On Sun, Jan 25, 2026 at 4:41 PM Willem de Bruijn
<willemdebruijn.kernel@...il.com> wrote:
>
> Gerhard Engleder wrote:
> > On 22.01.26 23:28, Willem de Bruijn wrote:
> > > Gerhard Engleder wrote:
> > >> On 21.01.26 17:04, Kevin Yang wrote:
> > >>> Network device hardware timestamps (hwtstamps) and the system's
> > >>> clock (ktime) often originate from different clock domains.
> > >>> This makes it hard to directly calculate the duration between
> > >>> a hardware-timestamped event and a system-time event by simple
> > >>> subtraction.
> > >>>
> > >>> This patch extends ndo_get_tstamp to allow a netdev to provide
> > >>> a hwtstamp into the system's CLOCK_REALTIME domain. This allows a
> > >>> driver to either perform a conversion by estimating or, if the
> > >>> clocks are kept synchronized, return the original timestamp directly.
> > >>> Other clock domains, e.g. CLOCK_MONOTONIC_RAW can also be added when
> > >>> a use surfaces.
> > >>>
> > >>> This is useful for features that need to measure the delay between
> > >>> a packet's hardware arrival/departure and a later software event.
> > >>> For example, the TCP stack can use this to measure precise
> > >>> packet receive delays, which is a requirement for the upcoming
> > >>> TCP Swift [1] congestion control algorithm.
> > >>>
> > >>> [1] Kumar, Gautam, et al. "Swift: Delay is simple and effective
> > >>> for congestion control in the datacenter." Proceedings of the
> > >>> Annual conference of the ACM Special Interest Group on Data
> > >>> Communication on the applications, technologies, architectures,
> > >>> and protocols for computer communication. 2020.
> > >>>
> > >>> Signed-off-by: Kevin Yang <yyd@...gle.com>
> > >>> Reviewed-by: Willem de Bruijn <willemb@...gle.com>
> > >>
> > >> Like Jakub in his reply
> > >> https://lore.kernel.org/netdev/20260119115710.6fdde8c0@kernel.org/
> > >> for me also the question why this is a driver implementation came to my
> > >> mind.
> > >>
> > >> With vclocks it is already possible to get timestamps for arbitrary
> > >> clock domains in parallel. So it is already possible to synchronize
> > >> the hwtstamp to CLOCK_REALTIME, CLOCK_MONOTONIC, ... in parallel.

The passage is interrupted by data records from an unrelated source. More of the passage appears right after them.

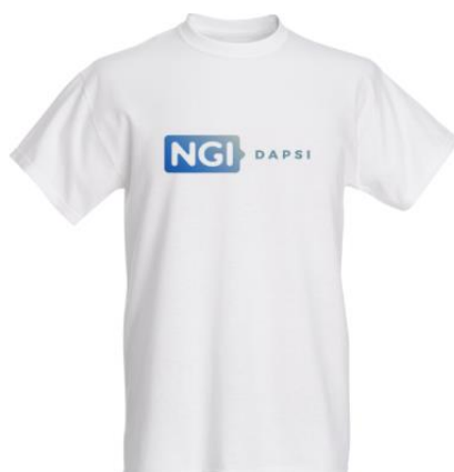
FIGURE 7: DAPSI T-SHIRT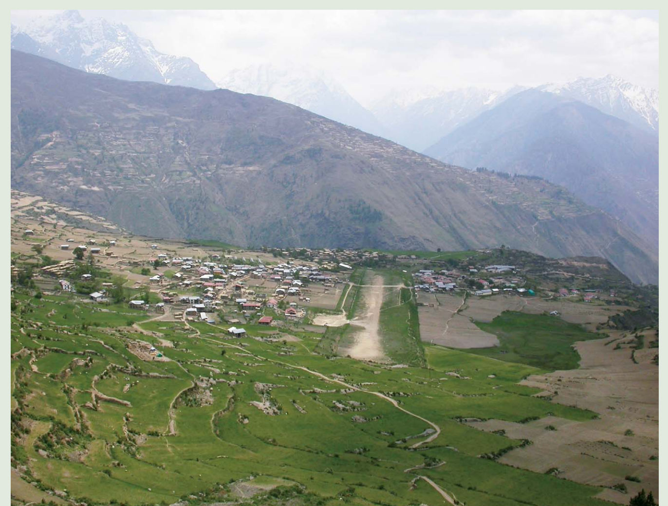
FIGURE 1 Simiko, Humla District Headquarters; the project site is within a 1-day walk.

the produce of their own land and herds have been described as "risk-averse" and culturally "conservative," and as preferring not to adopt new technologies and farming or husbandry methods that might negatively impact their ability to make it through the next dry or cold season. We have been living and working with agropas-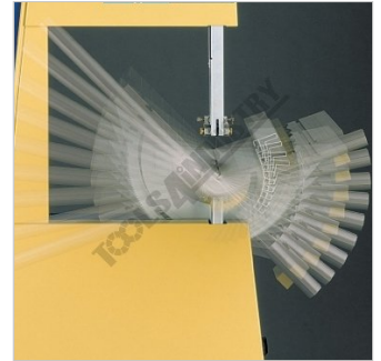
Table Tilt Range from 17° to +45°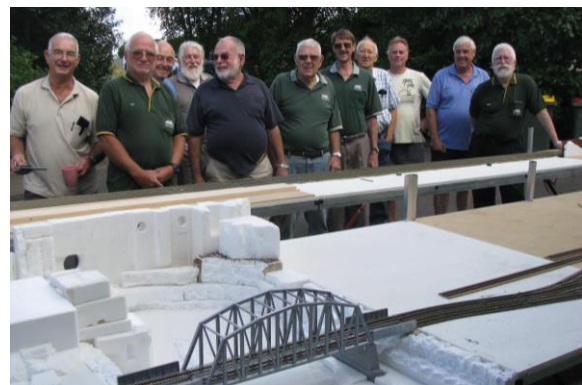
Milton Ulladulla Model Railway Club's realistic sight and sound layout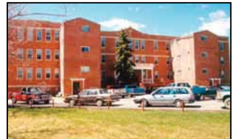
Red Crow College campus on the Blood reserve.

The Kainai Studies initiative hopes to bring elders into the learning institution as part of their program by offering this extraordinary component to students.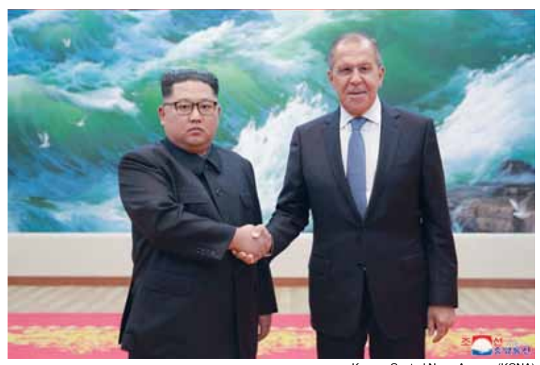
Korean Central News Agency (KCNA)

I think it's very important that, with the New Silk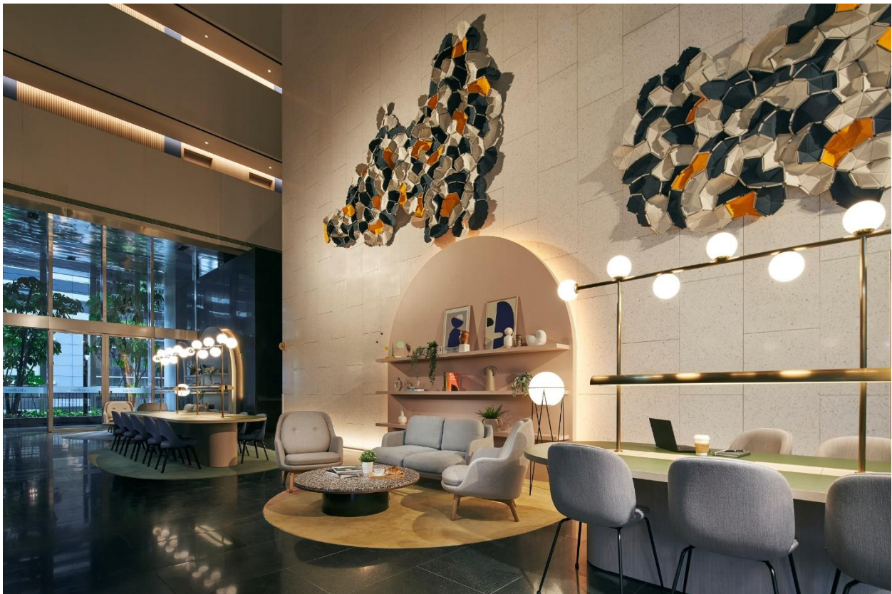
Shared working space at Citadines Raffles Place Singapore

The group's fastest growing brand with over 180 properties to date introduces new signature programmes and celebrates opening of Citadines flagship property in Singapore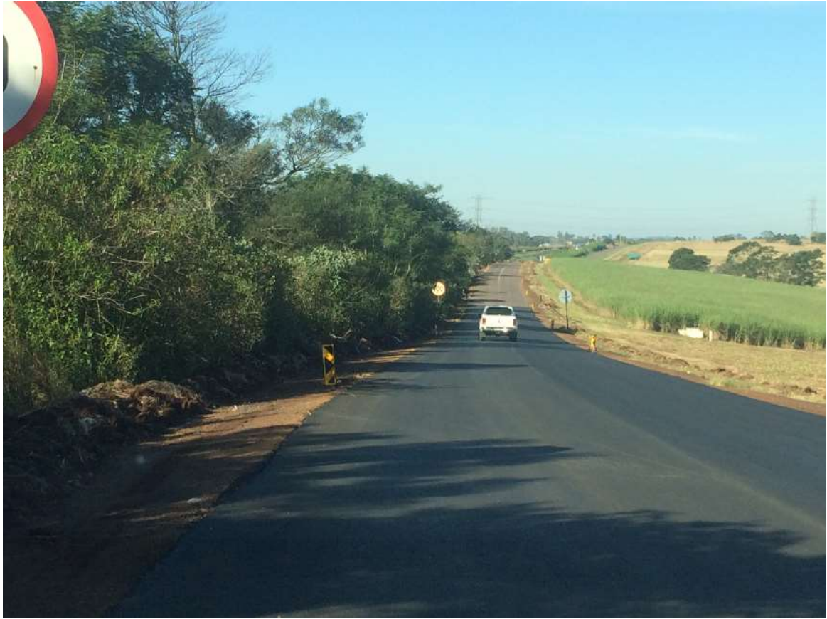
Figure 24: Views west towards the R103 undergoing routine maintenance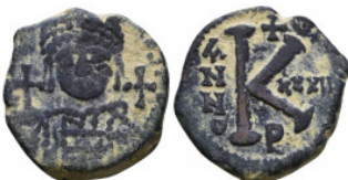
955 Justinian I. AD 527-565. Ae Reference: Condition: Very Fine Weight: 8.5 gr Diameter: 23 mm 1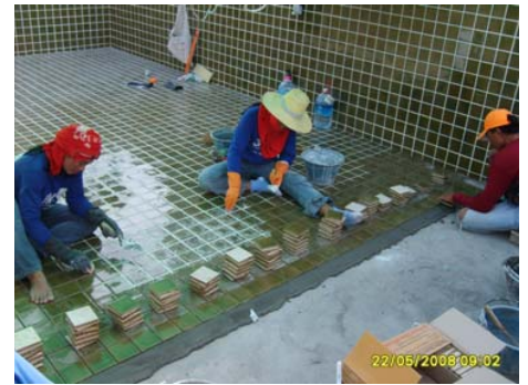
Pict 122 : Swimming pool tiling works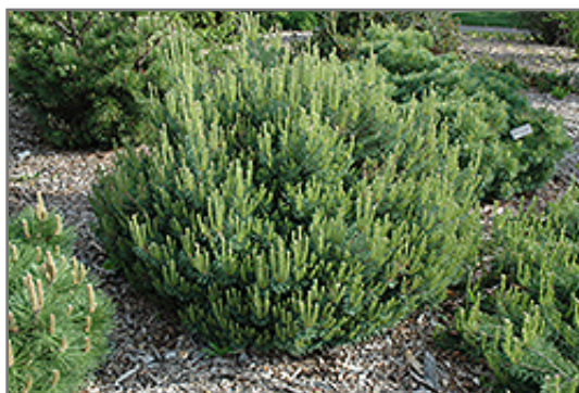
Beauvronensis Scotch Pine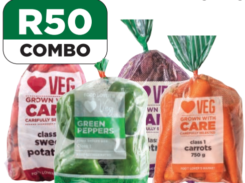
1 x Carrot Thriftpack 1 kg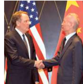
U.S. representative Robert Lighthizer with Chinese Vice Premier Liu He.

AGENCE FRANCE-PRESSE SHANGHAI U.S. and Chinese negotiators agreed to meet again in the United States in September after holding "frank" and "constructive" talks in Shanghai on Wednesday, State media said following meetings overshadowed by a Twitter tirade from President Donald Trump. U.S. Treasury Secretary Steven Mnuchin and Trade Representative Robert Lighthizer met with Vice Premier Liu He in the Chinese financial hub for the first face-to-face negotiations since a trade war truce was declared last month. "The two sides conducted frank, highly efficient and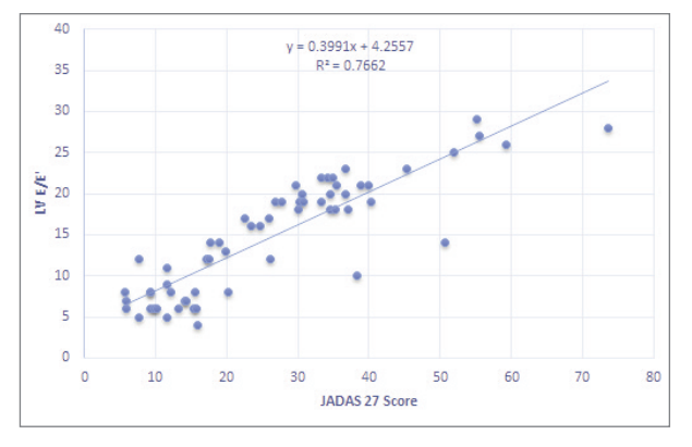
FIGURE 1. Regression curve showing that JADAS 27 is well correlated with LV E/E' (R2=0.76) and GLS (R2=0.82)

disease activity and level of inflammation in different subtypes of JIA. Disease duration, disease subtype as well as type of medications used failed to show any statistically significant correlation with LV E/E' and LV GLS.<sup>6</sup>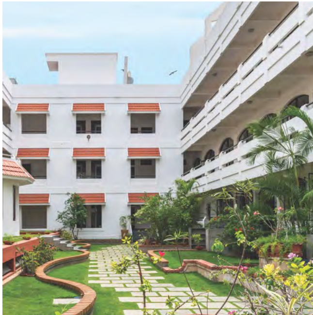
International Headquarters of Sri Aurobindo Society, Puducherry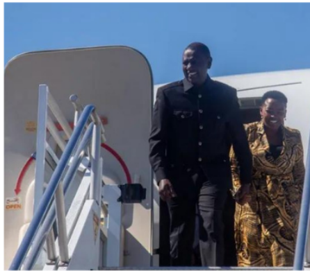
President William Ruto pictured alighting a private jet with Kenya's First Lady H.E. Rachel Ruto during the widely talked about trip to the U.S.

Their interests have suddenly turned into dark desires, that they consume us alive as they sooth us with words. A great way to showcase that we do not just have religious hypocrisy but also political hypocrisy -and there's nothing more dangerous than misplaced hope and faith.

> > >> Therefore, user space synchronisation is needed, but e.g. ptp4l does
> > >> a much better synchronisation job than your solution.
> > >>
> > >> Maybe CLOCK_REALTIME is not supported by ptp4l, because due to daytime
> > >> saving this clock jumps. IMO these jumps will also be problem for
> > >> your solution, as it will lead to wrong delays two times a year.
> > >> So usually CLOCK_TAI or CLOCK_MONOTONIC would be a better choice.
> > >>
> > >> To sum up: IMO you suggest a driver specific in-kernel solution where
> > >> already a driver independent user space solution with higher accuracy
> > >> exists.
> > >
> > > Definitely a promising alternative.
> > >
> > > With multiple netdevices, a TCP listener socket may receive packets
> > > from all devices. This would need new infrastructure to lookup the
> > > correct vclock for a given net_device, cannot hardcode a choice with
> > > SOF_TIMESTAMPING_BIND_PHC.
> > >
> > > And this needs to happen for every packet, so with minimal overhead.
> > >
> > > Though for established connections the expectation will be that
> > > packets generally arrive on the same netdevice. Bar infrequent path
> > > changes such as from sk_rethink_txhash on the peer. So there this
> > > value can perhaps be cached.
> > >
> > > It would still have to be learned by the kernel, no explicit
> > > setsockopt.
> >
> > Maybe it would also be an option, that the kernel learns with which
> > clock domain the timestamps of the PHC and vclocks correlate. Then
> > the TCP stack could calculate the delay if it finds a valid e.g.
> > CLOCK_MONOTONIC timestamp in the packet. This would make the
> > TCP listener socket independent from the devices. Just an idea, without
> > thinking about implementation details.
>
> I think we're on the same page.
>
> - use the existing vclocks
> - look up the right vclock based on the original incoming iface
> - cache this known clock with an established socket
>
> But I also have not looked at how/whether the lookup infra can be
> implemented to find a vclock automatically, i.e., without userspace
> admin.
>
> In some cases shinfo hwtstamp raw format may actually be the
> CLOCK_REALTIME that TCP requires. But if the raw clock is not
> realtime, we'll have to adjust based on timecounter/cyclecounter.